### DIRECTIONS
The needed output is the run of lines below from the one containing "Abstract Green Leaves" through the one containing "管理后台-产品管理-产品审核", copied exactly and free of pictures.

### DATA FOR THE TASK
----------------------------------------
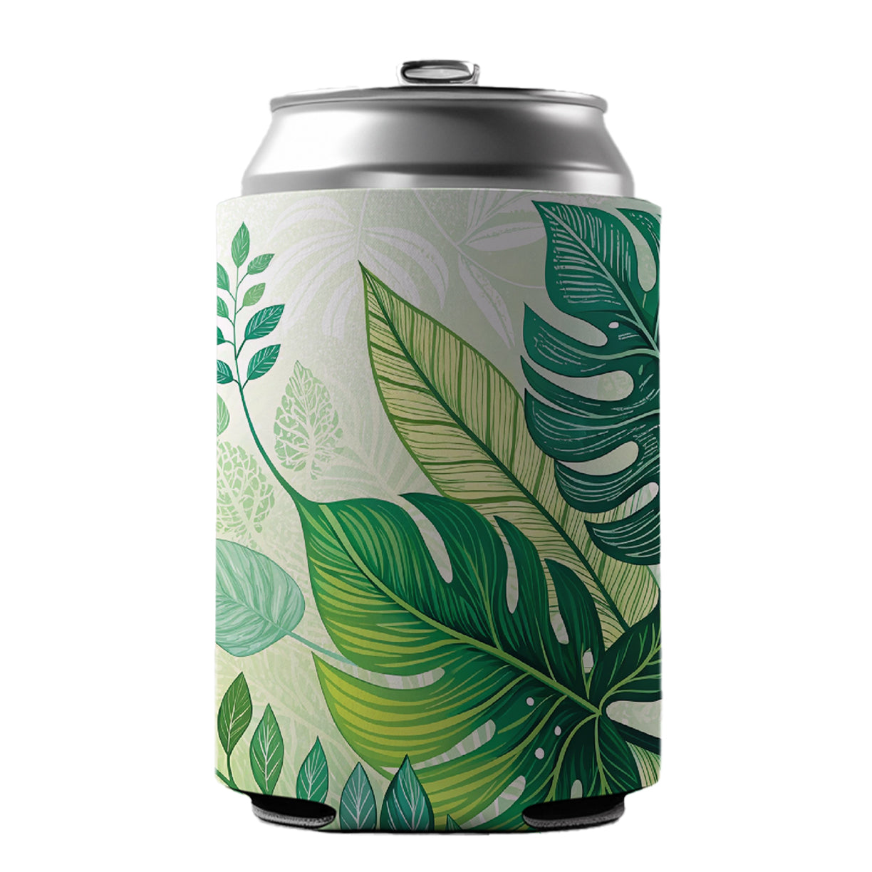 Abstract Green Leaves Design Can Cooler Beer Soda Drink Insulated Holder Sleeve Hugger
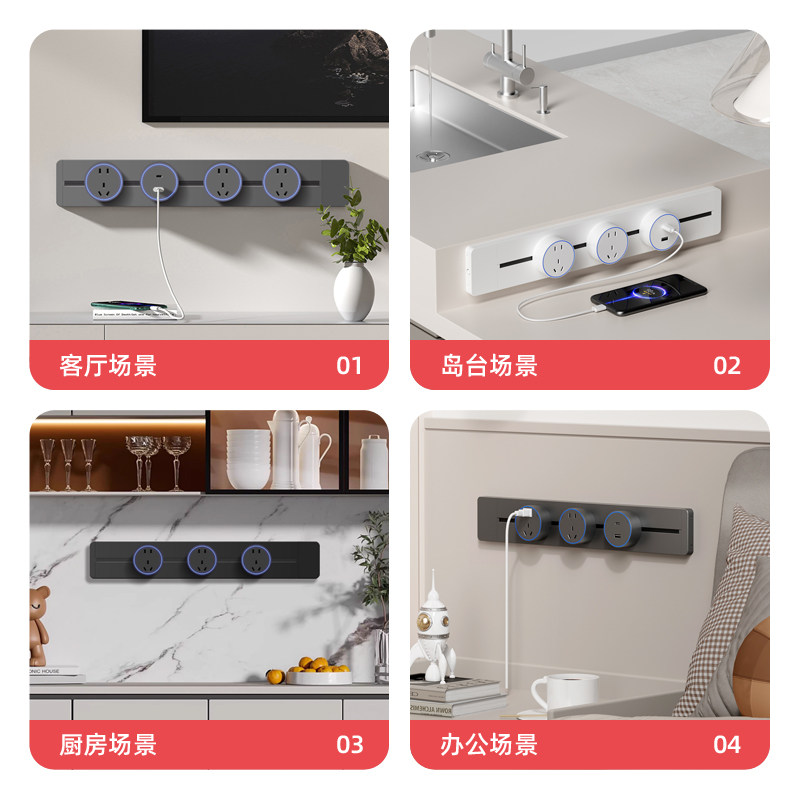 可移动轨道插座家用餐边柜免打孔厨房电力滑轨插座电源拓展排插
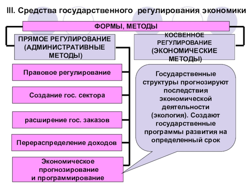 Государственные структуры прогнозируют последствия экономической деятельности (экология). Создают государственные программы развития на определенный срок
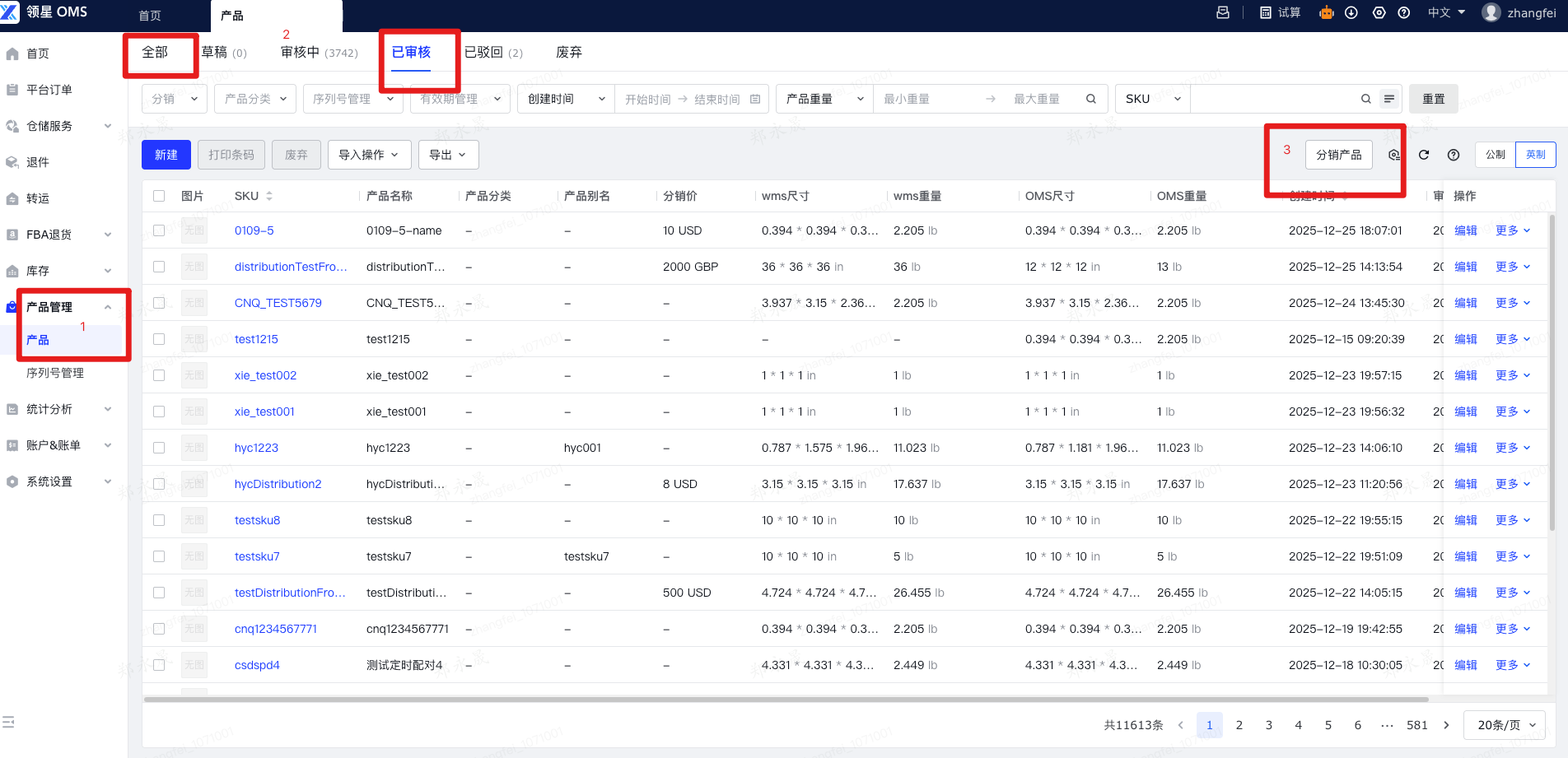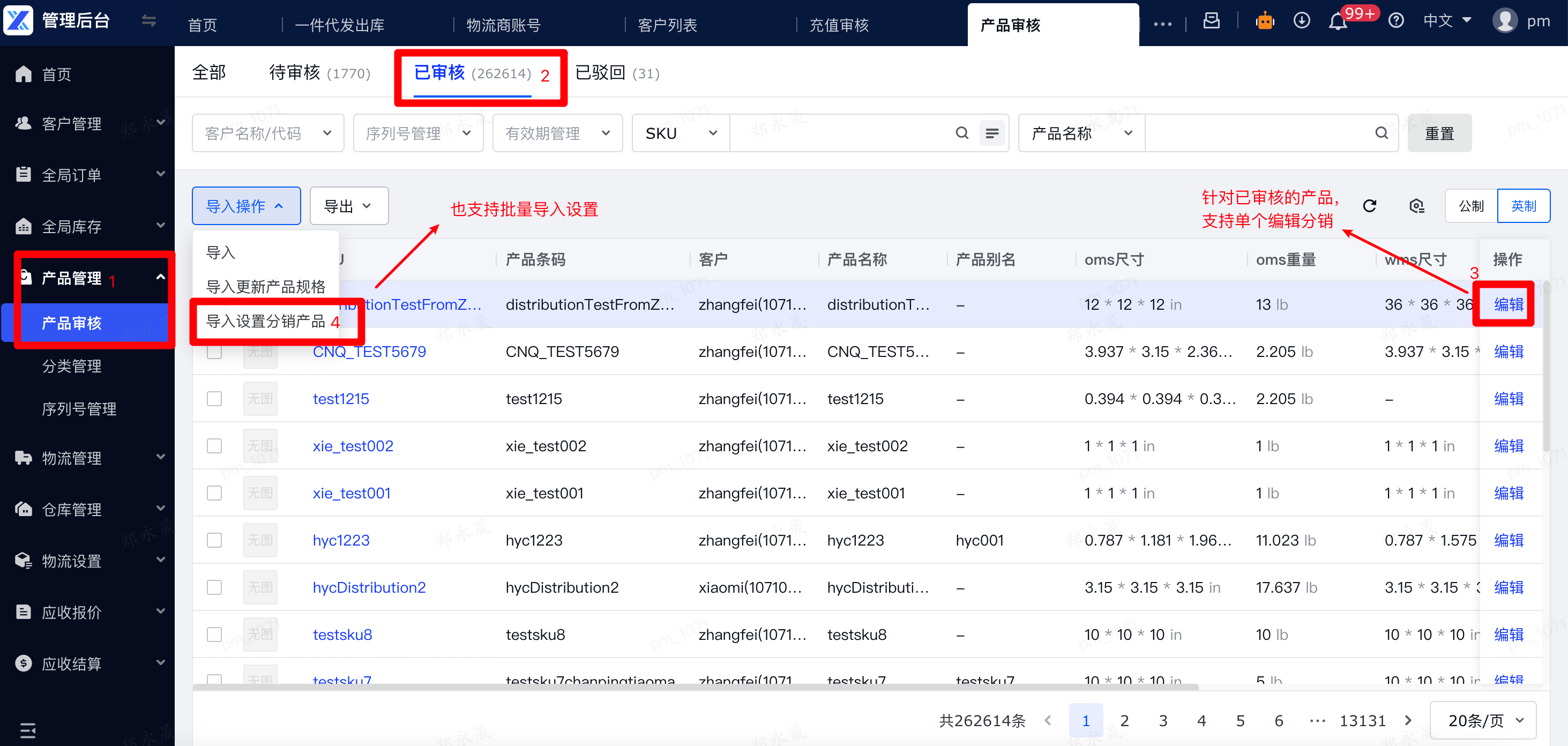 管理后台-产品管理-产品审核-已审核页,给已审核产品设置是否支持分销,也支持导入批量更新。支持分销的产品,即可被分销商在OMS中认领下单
----------------------------------------
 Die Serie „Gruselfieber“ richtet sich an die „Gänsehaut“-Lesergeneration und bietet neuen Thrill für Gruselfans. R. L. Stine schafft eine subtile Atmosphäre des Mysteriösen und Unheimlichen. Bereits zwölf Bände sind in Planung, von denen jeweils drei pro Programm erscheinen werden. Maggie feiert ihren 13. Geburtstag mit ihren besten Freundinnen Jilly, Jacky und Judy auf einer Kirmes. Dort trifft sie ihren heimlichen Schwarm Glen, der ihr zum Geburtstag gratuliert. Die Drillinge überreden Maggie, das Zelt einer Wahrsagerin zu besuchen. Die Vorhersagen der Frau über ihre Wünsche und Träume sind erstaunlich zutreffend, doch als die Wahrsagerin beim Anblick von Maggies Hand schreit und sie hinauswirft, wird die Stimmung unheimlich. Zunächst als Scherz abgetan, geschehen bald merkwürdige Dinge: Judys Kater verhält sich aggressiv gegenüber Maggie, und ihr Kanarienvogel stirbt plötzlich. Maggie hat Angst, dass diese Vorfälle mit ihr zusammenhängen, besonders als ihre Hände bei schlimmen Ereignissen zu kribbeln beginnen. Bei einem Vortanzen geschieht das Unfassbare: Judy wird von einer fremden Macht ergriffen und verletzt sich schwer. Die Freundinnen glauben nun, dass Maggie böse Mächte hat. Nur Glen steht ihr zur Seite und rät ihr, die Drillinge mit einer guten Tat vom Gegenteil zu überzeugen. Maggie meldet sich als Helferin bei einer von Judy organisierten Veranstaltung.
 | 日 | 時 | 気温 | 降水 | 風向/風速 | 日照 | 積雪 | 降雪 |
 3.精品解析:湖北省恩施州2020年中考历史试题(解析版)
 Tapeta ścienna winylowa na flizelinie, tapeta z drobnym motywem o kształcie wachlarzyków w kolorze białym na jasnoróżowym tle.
----------------------------------------
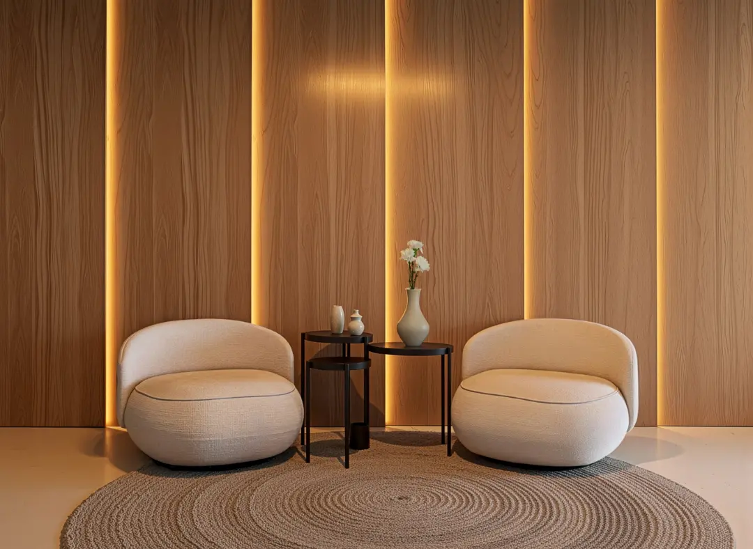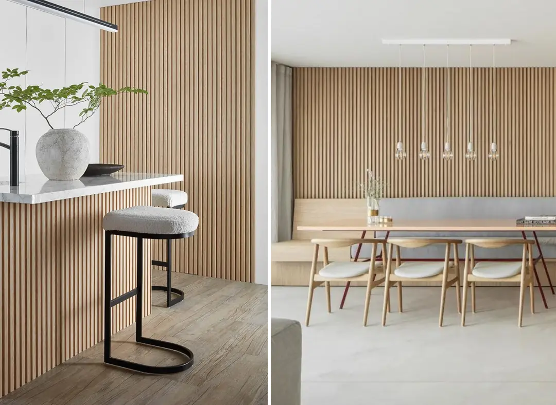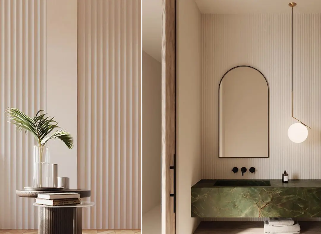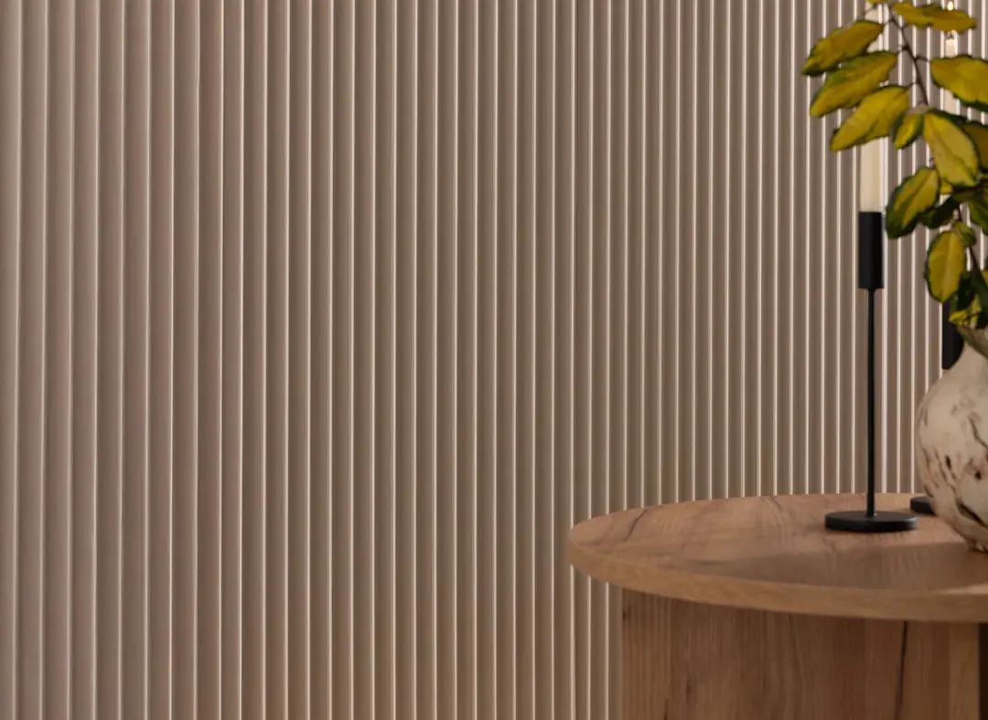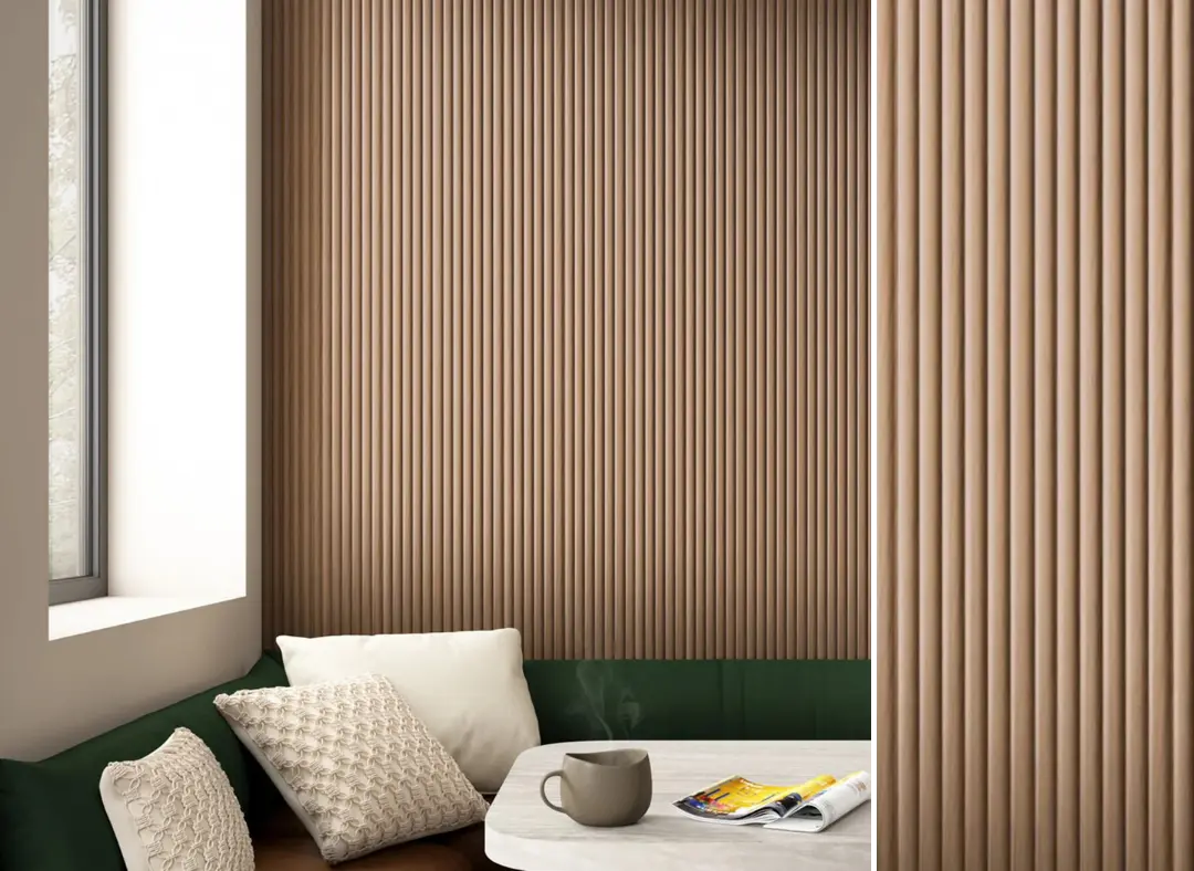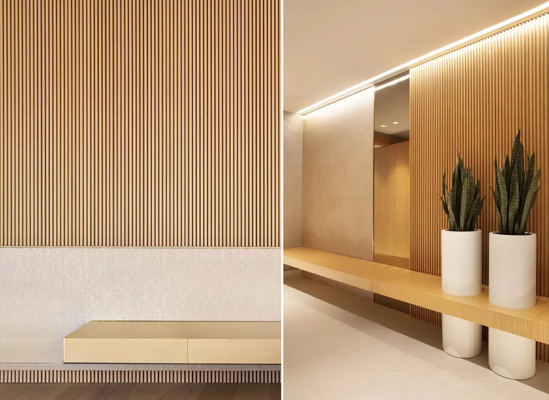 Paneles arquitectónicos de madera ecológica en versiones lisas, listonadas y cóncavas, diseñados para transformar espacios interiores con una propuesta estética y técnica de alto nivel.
----------------------------------------
### EXERCISE RESPONSE
 Abstract Green Leaves Design Can Cooler Beer Soda Drink Insulated Holder Sleeve Hugger
 可移动轨道插座家用餐边柜免打孔厨房电力滑轨插座电源拓展排插
 Государственные структуры прогнозируют последствия экономической деятельности (экология). Создают государственные программы развития на определенный срок
 管理后台-产品管理-产品审核-已审核页,给已审核产品设置是否支持分销,也支持导入批量更新。支持分销的产品,即可被分销商在OMS中认领下单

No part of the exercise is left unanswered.